Bundespatentgericht:
Beschluss vom 24. September 2002
Aktenzeichen: 33 W (pat) 179/02
(BPatG: Beschluss v. 24.09.2002, Az.: 33 W (pat) 179/02)
Tenor
Auf die Beschwerde der Anmelderin wird der Beschluß der Markenstelle für Klasse 19 vom 9. April 2002 aufgehoben.
Gründe
I Beim Deutschen Patent- und Markenamt ist am 3. Juni 2000 die Wort/Bildmarkesiehe Abb. 1 am Endefür folgende Waren zur Eintragung in das Register angemeldet worden:
Klasse 1:
Chemische Erzeugnisse für gewerbliche, wissenschaftliche, land-, garten- und forstwirtschaftliche Zwecke; Klebstoffe für gewerbliche Zwecke;
Klasse 2:
Farben, Firnisse, Lacke; Rostschutzmittel, Holzkonservierungsmittel; Färbemittel; Beizen; Beschichtungen, Haftvermittler und Grundierungen für Baustoffe, Rolladenkästen, Dämmplatten und Bauplatten;
Klasse 19:
Rolladenkästen, Rolladenkasten-Rohlinge, Baumaterialien (nicht aus Metall), insbesondere Außenwanddämmungen, Leichtbauplatten, Dämmbauplatten, Bauplatten und Putzsysteme.
Die Markenstelle für Klasse 19 hat die Anmeldung durch Beschluß vom 9. April 2002 gemäß §§ 37 Abs 1, 8 Abs 2 Nr 1 und 2 MarkenG mit der Begründung zurückgewiesen, die sprachüblich gebildete Wortfolge habe insgesamt die Bedeutung von "Spitzenpreis, Spitzenwert" und diene damit lediglich zur näheren Charakterisierung der Waren selbst. Auch die graphische Ausgestaltung könne die Schutzfähigkeit nicht begründen, da sie keine über das Werbeübliche hinausgehende Originalität aufweise.

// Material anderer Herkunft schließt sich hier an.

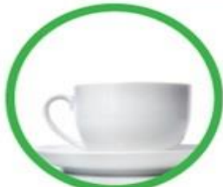
Oggetti in ceramica e porcellana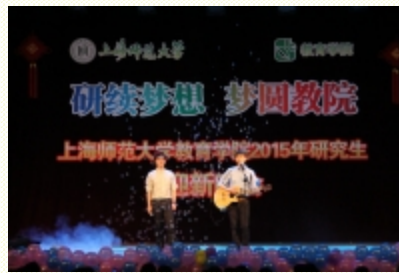
男生二重唱《找自己》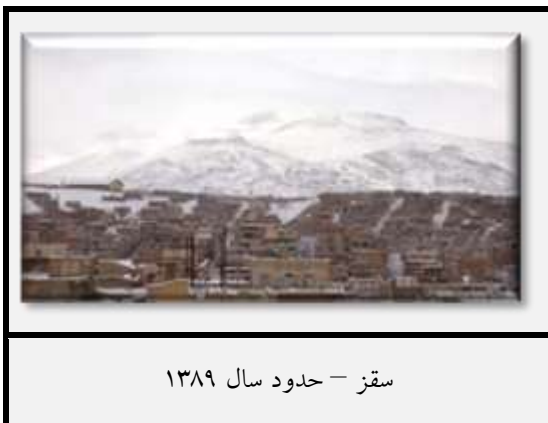
سقز - حدود سال ۱۳۸۹

در روز ۵ شهریور گزارش رسید که از زمان ورود خلخالی به نواحی غرب کردستان، ۴۵ مرد اعدام شده‌اند. ۱۶۷ آن روز خلخالی و همدستانش در حدود ۸۰ مایل به جهت شمال غرب، به طرف سقز، شهری کوچک در استان کردستان، حرکت کردند. خلخالی فوراً شروع به ترتیب دادن محاکمات در پادگان نظامی سقز کرد تا تکلیف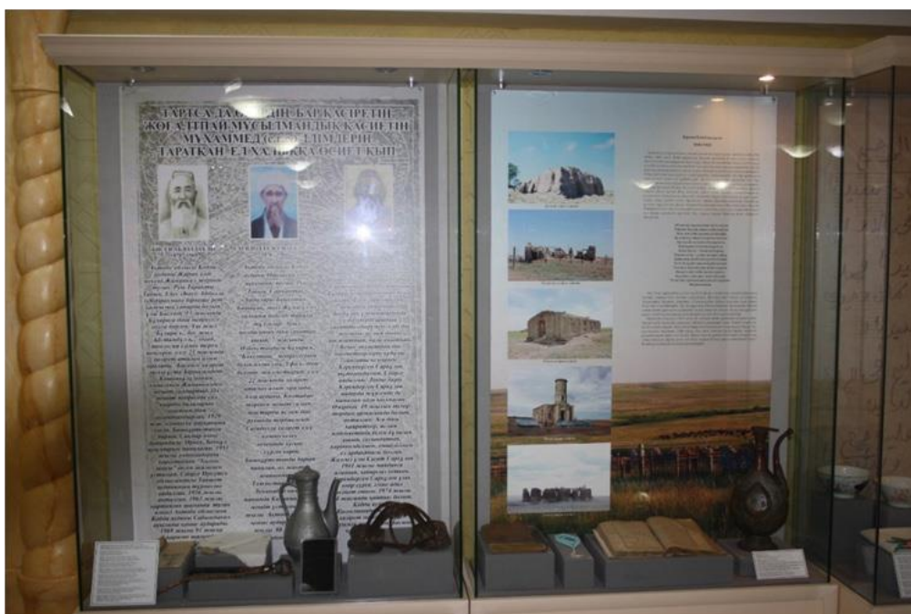
Рисунок 3. Стенды, посвященные религиозным деятелям и разрушенным в советское время мечетям

за музей. В этой истории пересекаются разные нарративные линии культурной перезагрузки постсоветского периода. На момент развала Советского Союза Амирханов работал в системе образования,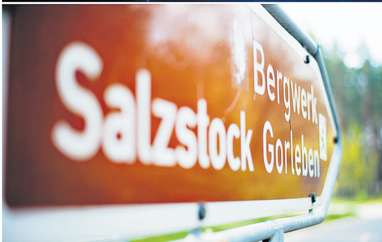
Zum Atommülllager Gorleben gehört neben dem Lager für Castor-Behälter auch das Bergwerk im Salzstock.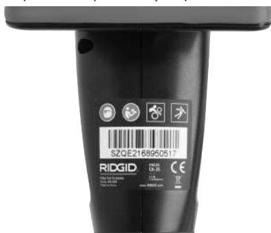
Figura 6 – Etichetă de avertizare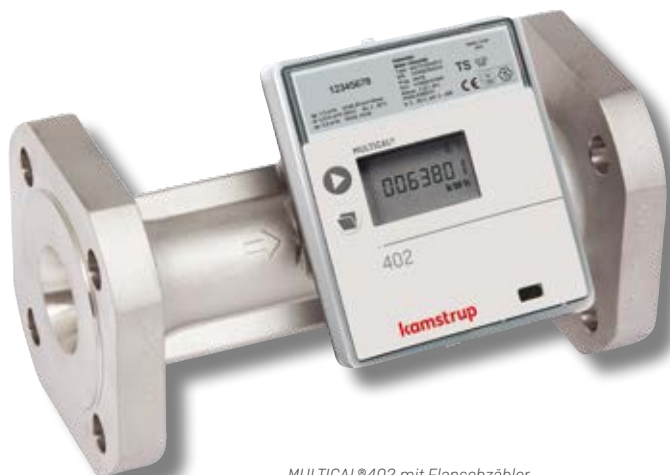
MULTICAL®402 mit Flanschzähler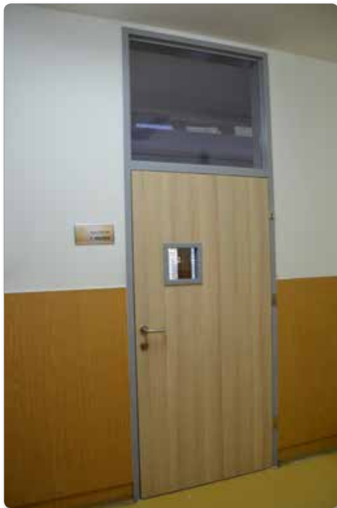
Nova vrata v osnovni šoli.

Nadaljujemo tudi z obnovo pokopališča, stopnice do sanitarij smo naredili, obložili jih bomo z granitom, čaka pa nas obnova drevoreda, za kar smo že pridobili predračun ustreznega strokovnega podjetja. Socialni varnosti zmeraj posvečamo veliko pozornost in namenjamo

Der Anmelder beantragt mit seiner Beschwerde sinngemäß, den angefochtenen Beschluß aufzuheben.
Er trägt vor, daß die Markenstelle eine unzulässig zergliedernde Betrachtungsweise zugrundegelegt habe. Es sei darüber hinaus nicht sprachüblich, Wörter aus verschiedenen Fremdsprachen miteinander zu kombinieren. Die Verwendung des französischen Wortes "prix" im Sinne von "Verkaufspreis" sei im deutschen Sprachraum ungewöhnlich.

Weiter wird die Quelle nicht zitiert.